Yee Soo-kyung (이수경, born 1963) is a South Korean multi-disciplinary artist and sculptor best known for her Translated Vase series which utilizes the broken fragments of priceless Korean ceramics to form a new sculpture. Yee's biomorphic sculptures highlight the beauty and possibility after rupture. Her other works in installation and drawings explore psycho-spiritual introspection, cultural deconstruction, kitsch, as well as Korean traditional arts and history melded with contemporary aesthetics.

Biography 
Yee Soo-Kyung was born in Seoul, Korea in 1963. She attended Seoul National University in 1989 to study Western painting for her BFA and MFA. Despite her choice of major, her early works from the 1990s were mainly installations, video art, and performance. These works were influenced by the post-Minjung movement that was more socially focused and critiqued the state of Korean society. Her religious background includes both Buddhism and Catholicsim, and she is not particularly beholden to one or another. She views religions as an expression of human desire. Personal narrative, spirituality, and references from popular culture are continuous themes within her art.

In 2001, she was a participant in the Albisola Biennale in Italy and she was interested in the ceramic culture of Italy due to the historical accounts of how Pablo Picasso and Lucio Fontana would make ceramics there. The Biennale connected local Italian artisans with international guest artists to create collaborations for the exhibition. Thus Yee was introduced to a female Italian potter and showed her a Korean poem that sung the praises of Joseon pottery which was written in 1947 by Kim Sang-ok called “Ode to Porcelain.” The potter had no prior knowledge of Joseon pottery and therefore used her imagination that she gained from reading the poem to create 12 white porcelain pieces in the style of 18th century Joseon vessels. The collaboration was called Translated Vase Albisola. While the name of this piece coincides with her famous sculptures they are not comparable. Regarding this piece Yee remarked that, “The Joseon white porcelain was translated into real objects, from just intangible words to tangible artworks.” However this experiment got her interested in Joseon pottery and she was then introduced to through a friend to the famous ceramicist, Paek Lim-hang, who was active in Incheon, Gyeonggido. A camera crew was there filming the master  potter and she witnessed him breaking almost all of the pots that came out of the kiln due to the smallest defects or flaw. This act is to keep the quality and price of the potter's wares very high but she was shocked by how merciless the process was. With the permission of the potter she took all the broken fragments home and one day say that two broken pieces could fit together like a puzzle. From then on she started glueing pieces together and covering the glue with gold. This marked the beginning of her world-renowned Translated Vase series.

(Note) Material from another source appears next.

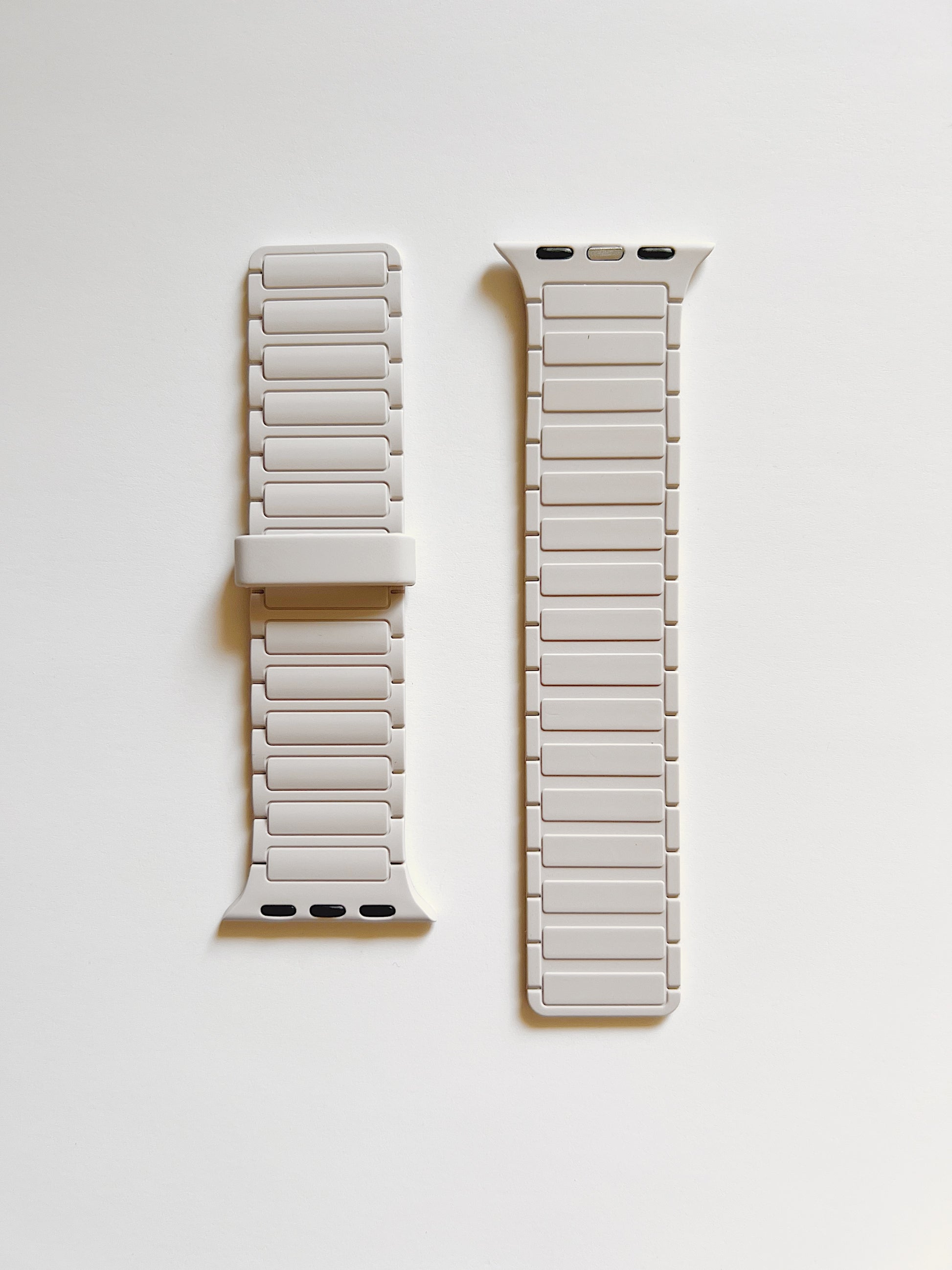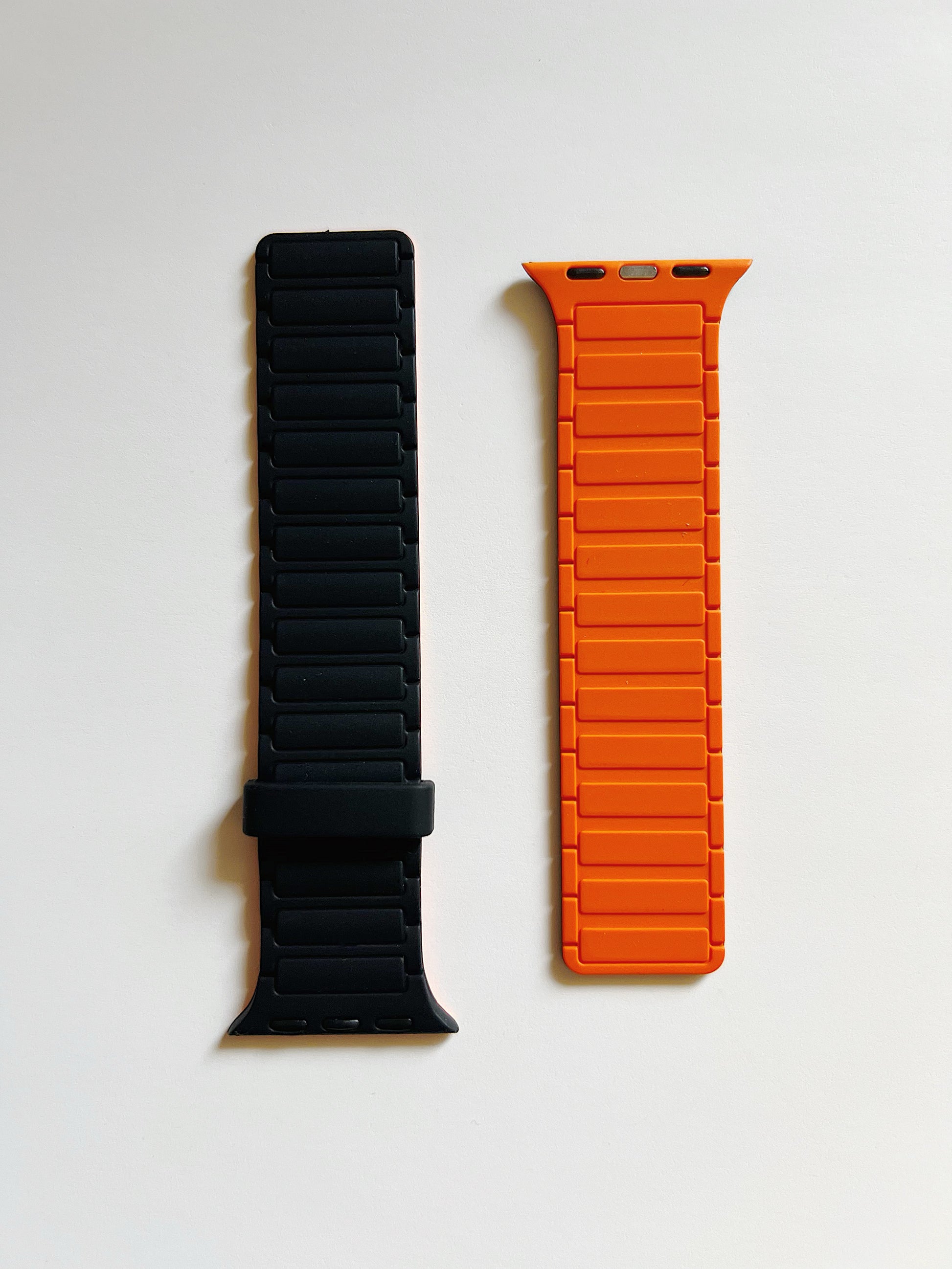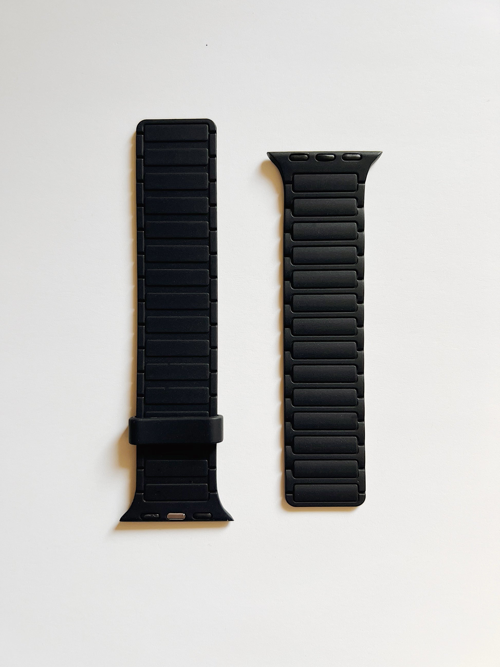 Magnetic silicone watch band compatible with Apple Watch.

Yee celebrates discarded pieces that were deemed unworthy and grants them a new life by reassembling them into new forms. She sees potentiality in things that are discarded and places value on all existing things as they are. This act of “translating” value is a process in which the artist pays homage to psychic wounds through the shamanistic redemption of the once discarded object(s). Each Translated Vase is a collaboration between Yee and another artist since she is using their discarded pieces. In 2012, she used the pieces of Young Sook Park, whose known for her moon jars, to make a sculpture of an actual moon.

In 2004 she also created her Daily Drawing series as a way to record her thoughts and feelings during a tumultuous time in her life. Through these drawings, she explored how to confront and heal psychological wounds through art. Rather than turning away or trying to forget about such wounds, she embraces suffering and hardship as a way to reach transcendence. This mindset of embracing and reviving memories through wounds is also present within her into her landmark Translated Vase series.

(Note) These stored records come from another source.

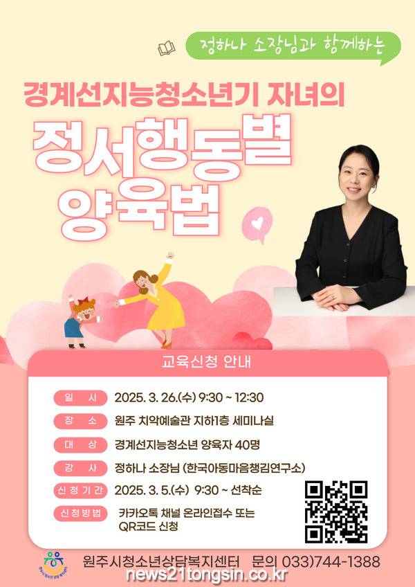 ▲  사진=원주시원주시청소년상담복지센터는 오는 26일(수) 오전 9시 30분 치악예술관 지하1층 세미나실에서 ‘경계선지능청소년기 자녀의 정서행동별 양육법’ 부모교육을 실시한다.
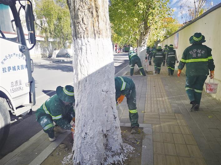 拉薩市區(qū)近4萬(wàn)棵樹(shù)木涂白換“冬裝”,下一步將開(kāi)展冬灌、覆土防寒等工作。
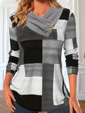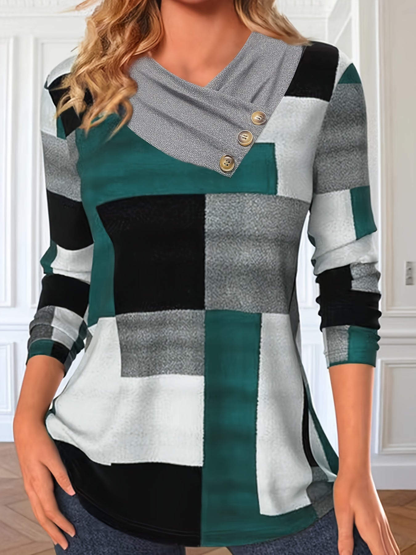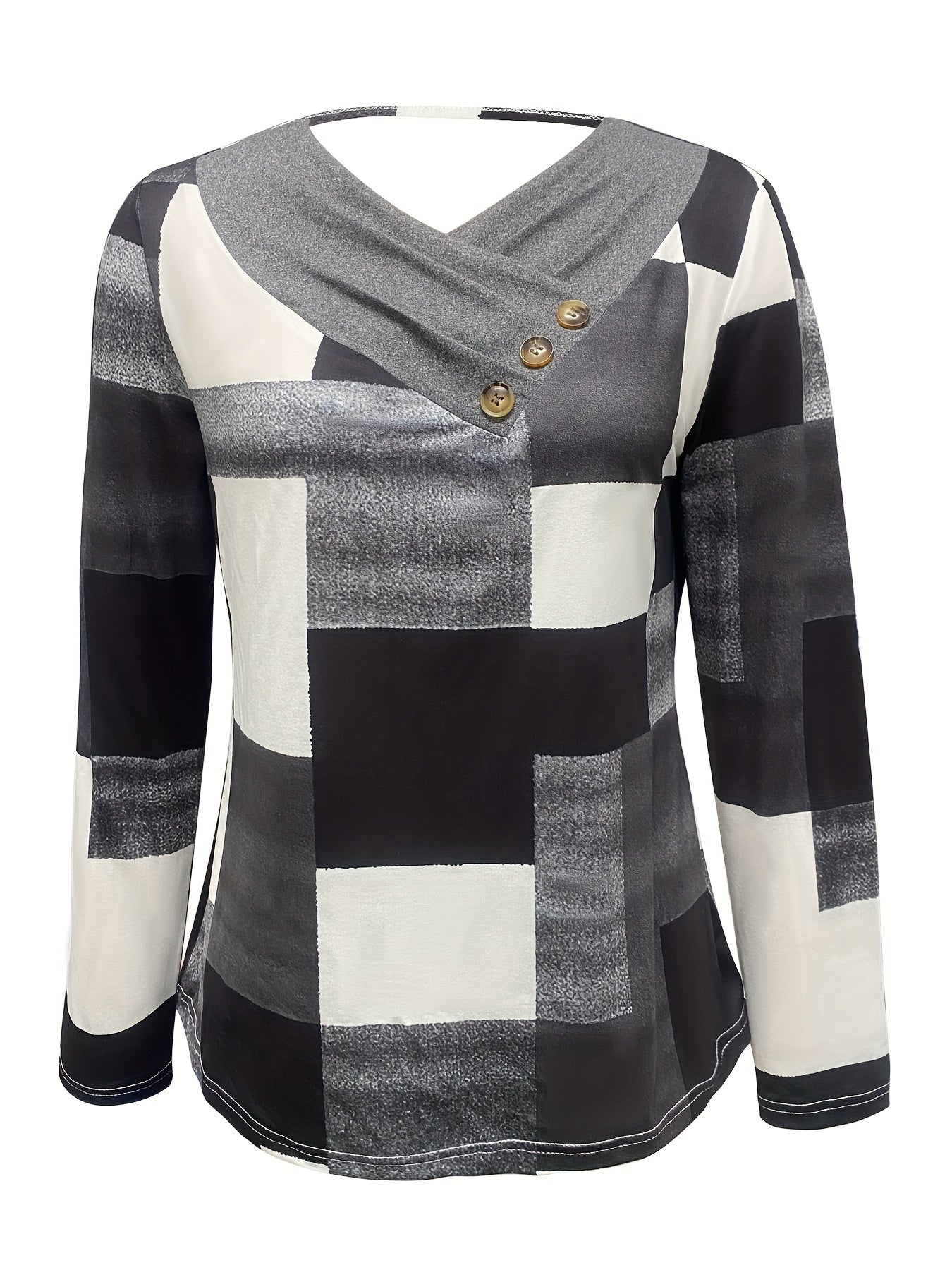 Christmas Tree Print Button Decor T-shirt, Casual Long Sleeve Plaid Print T-shirt
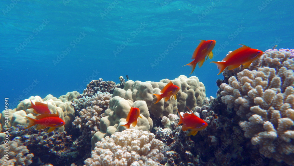 Sea Goldie. The most common antias in the Red Sea. Divers see him in huge flocks on the slopes of coral reefs.
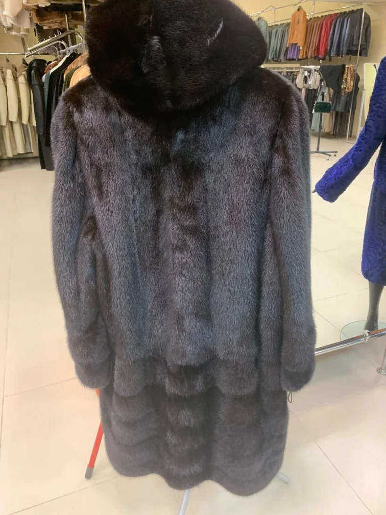 Товар шуба женская из меха норки с капюшоном м-102-1221, коричневая, размер 60, артикул 65430 выполнен из мех норки с застежкой клипсы. Рассчитан на сезон: зима. Длина изделия 110 см, силуэт трапеция.
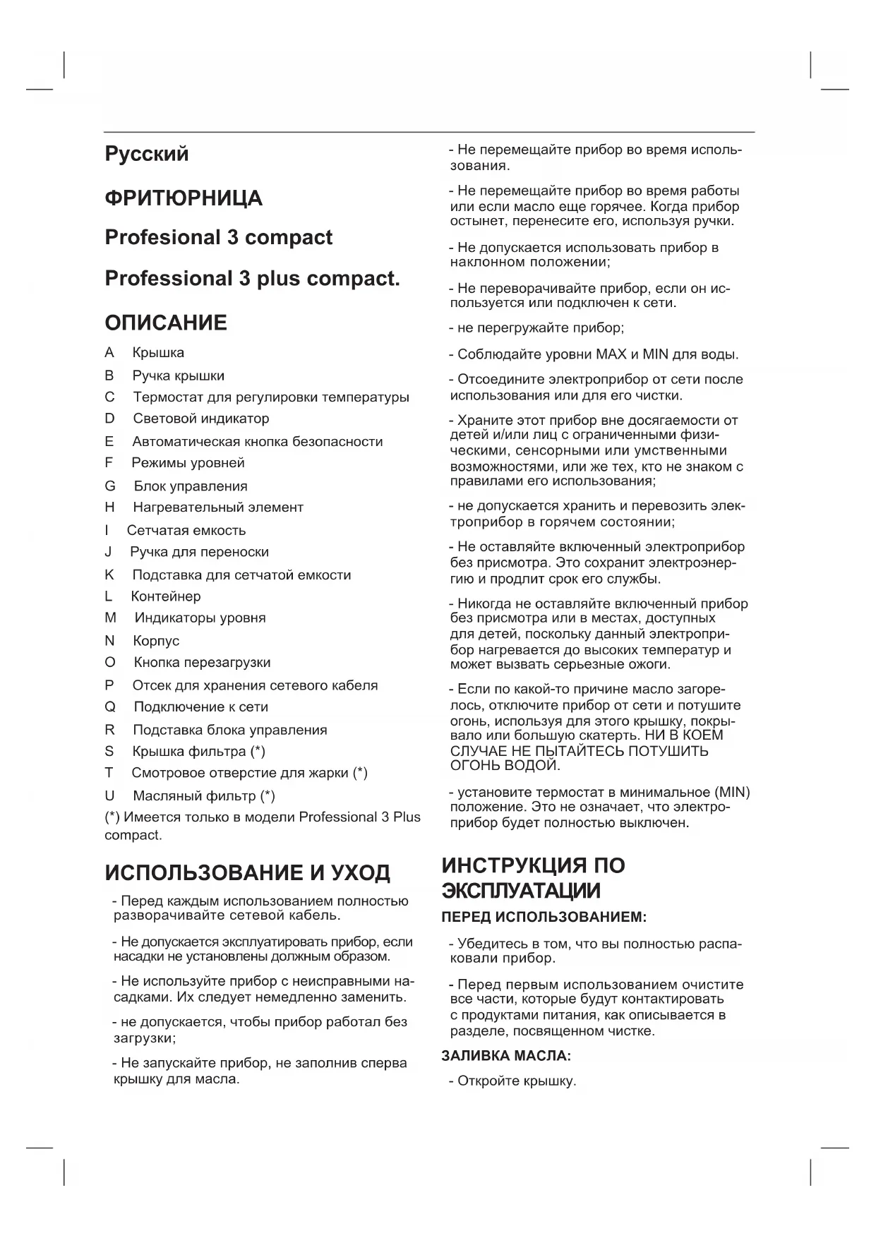 A Крышка B Ручкакрышки C Термостатдлярегулировкитемпературы D Световойиндикатор E Автоматическаякнопкабезопасности F Режимыуровней G Блокуправления H Нагревательныйэлемент I Сетчатаяемкость J Ручкадляпереноски K Подставкадлясетчатойемкости L Контейнер M Индикаторыуровня N Корпус O Кнопкаперезагрузки P Отсекдляхранениясетевогокабеля Q Подключениексети R Подставкаблокауправления S Крышкафильтра(*) T Смотровоеотверстиедляжарки(*) U Масляныйфильтр(*) (*)ИмеетсятольковмоделиProfessional3Plus compact. ИСПОЛЬЗОВАНИЕ И УХОД - Передкаждымиспользованиемполностью разворачивайтесетевойкабель. - Недопускаетсяэксплуатироватьприбор,если насадкинеустановленыдолжнымобразом. - Неиспользуйтеприборснеисправнымина- садками.Ихследуетнемедленнозаменить. - недопускается,чтобыприборработалбез

In 2005, she used cinnabar, a red mineral pigment used to make talismans and Buddhist paintings. Her pieces featured the delicate line drawings of the female body holding white vases. The drawing first began with one woman and then through a repetitious process of filling up the paper in a symmetrical manner, she finished the drawing with a proliferation of female figures and white vases decorated with blue patterns. 12 pieces were created in this manner and it conjured the story of Princess Bari, who was cast away by the King since her mother, the queen, only gave birth to daughters. Bari eventually saves the King and Queen from a fatal illness by finding a magic elixir in the realm of the dead. Princess Bari is seen as the mother of Korean shamans. Like Buddhist monks, when Yee draws, she breaks down boundaries in the external world to practice transcendence.

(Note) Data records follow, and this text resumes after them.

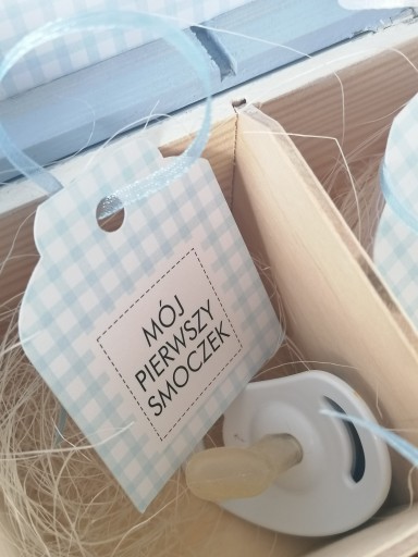 UWAGA: wyposażenie pudełka nie zawiera : smoczka, świeczki i bucika- są to rekwizyty na potrzeby sesji zdjęciowej .
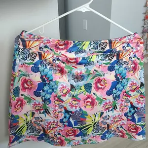 Love the colorful flower print, soft fabric, great fit, shorts feel invisible, light weight, comfortable band on waist is wide. LG 5'3" 165lb
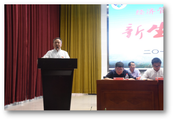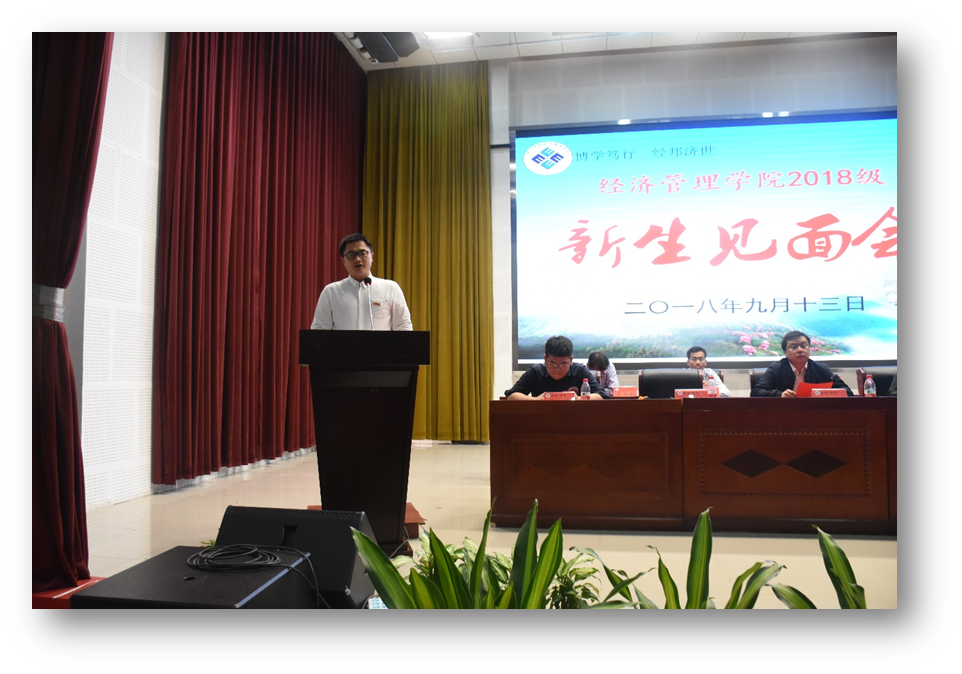 为了加进2018级新生与老师的交流与沟通,为了增加老师对同学们的了解,同时也为了让新生对本专业以及今后的大学生活有初步的认识。9月13日早上,经济管理学院2018级新生见面会在人文生态馆举行。出席本次见面会的有经济管理学院副院长周贤贵、经济管理学院党委副书记田春燕等8位学院领导。各专业辅导员代表以及2018级的全体新生参加了本次大会。
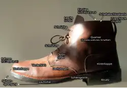 Je nach Anwendungszweck, Kulturkreis und Zeitepoche kommen unterschiedliche Schuhformen vor, die sich sowohl hinsichtlich ihrer Optik, als auch der Form und der verwendeten Materialien voneinander unterscheiden. Trotz dieser Unterschiede sind sich viele Schuhmodelle vom prinzipiellen Aufbau her sehr ähnlich. Um diesen darzustellen, eignet sich zur Erklärung am besten ein hochwertiger zeitgenössischer lederner Herrenhalbschuh, weil dieser Schuhtyp sowohl funktional als auch hinsichtlich der Konstruktion alle notwendigen schuhrelevanten Merkmale aufweist. Andere Modelle sind dann entweder genauso gebaut oder in einer darauf basierenden vereinfachten Weise. Nur sehr wenige Schuhmodelle (beispielsweise Mokassins) weichen davon grundsätzlich ab.

In the artist's Flame series, started in 2008, she uses drawing to explore bodily expression on a flat plane. Thin lines that unfurl over the page index the body in motion and also the rhizomatic nature of an idea. Her drawing practice is sort of religious act that offers her a meditative space and the images she creates evoke Buddhist paintings of the cosmos. The ancient syle of her drawings are inspired by Goguryeo cave paintings. The undulating forms within her Flame series seem to have no start or end, thus communicating the idea that the self is always inextricably tied with all parts of space and the universe. The Very Best Statue series is Yee's ongoing project she started in 2008. This project had a participatory element where local residents of Echigo Tsumari, Japan and Anyang, Korea were given a survey to choose which body parts of Confucius, Lao Tzu, Mary, Jesus, Buddha, Mohammed, and Ganesh would be best for a sculpture. These religious founder's body parts were “sacrificed” and shed their unique corporeal formations to become the ultimate “other.” These figures were also chosen since they dedicated their lives to helping people transcend from the self into the “true” universal self, where no distinctions can be made. This democratic process of using surveys also erases the hand and will of the artist, further breaking down Yee's sense of self. It is telling that body parts of Jesus and Buddha are among the most frequently used in her Very Best Statue series.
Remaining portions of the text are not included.